Берлинский дневник: «Португалка» Риты Азеведу Гомеш

 

После 69-го Берлинале у главного редактора Cineticle Максима Селезнёва остался ворох перепутанных дневниковых заметок. Одни фильмы будто бы приснились, другие фальсифицированы памятью. Но об одной картине, показанной в самом начале фестиваля, а недавно вошедшей в конкурс российского «Духа огня», можно сказать без всяких сомнений: она случилась взаправду.

В первом фрагменте нашего берлинского дневника читайте о «Португалке» Риты Азеведу Гомеш и её нежной связи с одноимённой новеллой Роберта Музиля.

 

На Берлинале-2019 я посмотрел только один фильм.

Как так получилось? Тому есть два объяснения.
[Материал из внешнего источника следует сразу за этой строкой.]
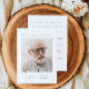 Este elegante diseño de plantilla de programa conmemorativo presenta una disposición refinada e intemporal que combina un suave esquema de color gris neutro y blanco con una tipografía limpia y moderna. La parte frontal se centra en una cálida foto de marco completo de tu ser querido, bordeada por un sutil marco blanco que añade un toque de sofisticación y gracia. El texto "en la memoria amorosa" aparece en letras mayúsculas clásicas, creando un tono pacífico y respetuoso, mientras que el nombre y las fechas de vida se colocan a continuación para un homenaje equilibrado y sincero. La parte trasera ofrece un orden de servicio cuidadosamente estructurado, ofreciendo orientación para una celebración de la vida con secciones de bienvenida, lecturas, elogios y actividades conmemorativas especiales. Ideal para honrar una vida bien vivida, este programa funerario de personalizable completo combina elegancia sobria con calidez emocional.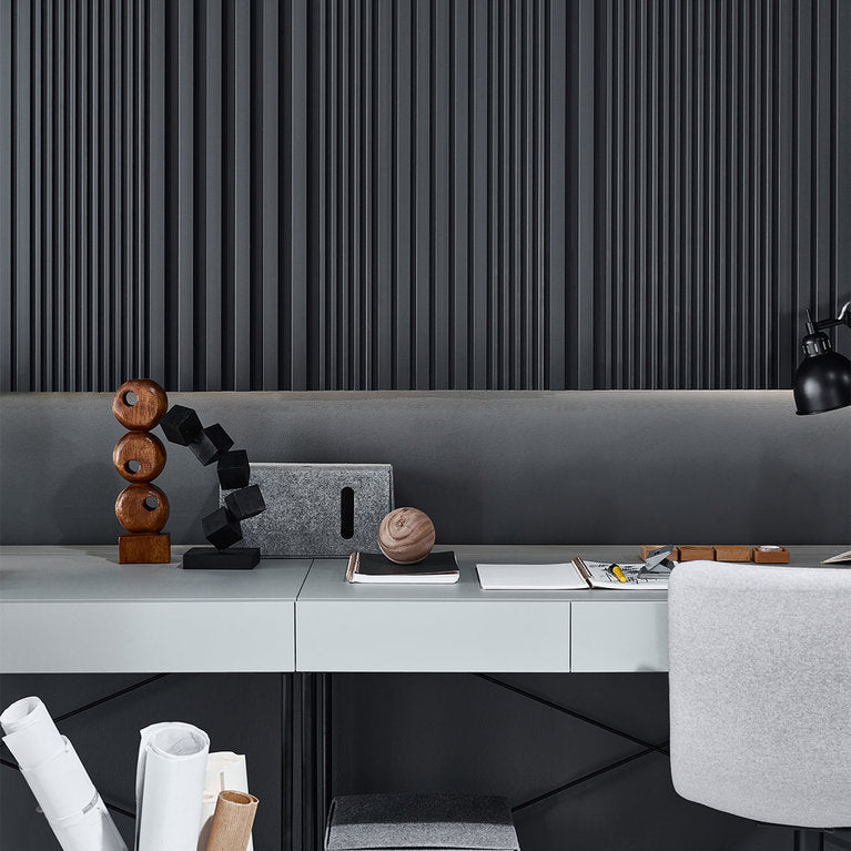 Linerio panels come in three variants, which differ in the width and depth of the rungs. They are available in many shades: natural, mocca, white, grey, and anthracite color.

Сейчас, 15 февраля, я пишу эту фразу действительно после моего первого фильма из программы начавшегося фестиваля – «Португалки» Риты Азеведу Гомеш, экранизации одноименной новеллы Роберта Музиля. Сейчас, 21 февраля, когда я редактирую свои записки, фестиваль давно подошел к концу, но после нескольких десятков сеансов, перепутавшихся в памяти, честно будет сказать то же самое: «Португалка» Риты Азеведу Гомеш – единственный фильм, что я по-настоящему увидел на Берлинале в этом году.

Рассказ на этих рассогласованных страницах фестивального дневника я веду сразу из двух (а на самом деле гораздо больше, чем двух) времён. Ведь что такое фестиваль? Сеансы, вплотную примыкающие друг к другу так, что финал первого фильма перетекает в начало второго; необходимость восстанавливать увиденное спустя несколько дней по нетвердой памяти; сомнамбулические приступы, когда во время просмотра скорее додумываешь, чем смотришь кино. Эти нездоровые зрительские обстоятельства затем на письме создают странное химерическое время, которое сложно выразить грамматически. Я смотрю фильмы. Смотрел их уже давно. Смотрю все одновременно. Смотрел с какими-то разрывами. Смотрю пунктирно. Буду смотреть, прошивая один просмотр сквозь другой. Не претендуя на решение этой зрительско-лингвистической головоломки, я рассыпаю здесь свой берлинский дневник хаотично, вырывая одни и оставляя другие страницы, в произвольном порядке.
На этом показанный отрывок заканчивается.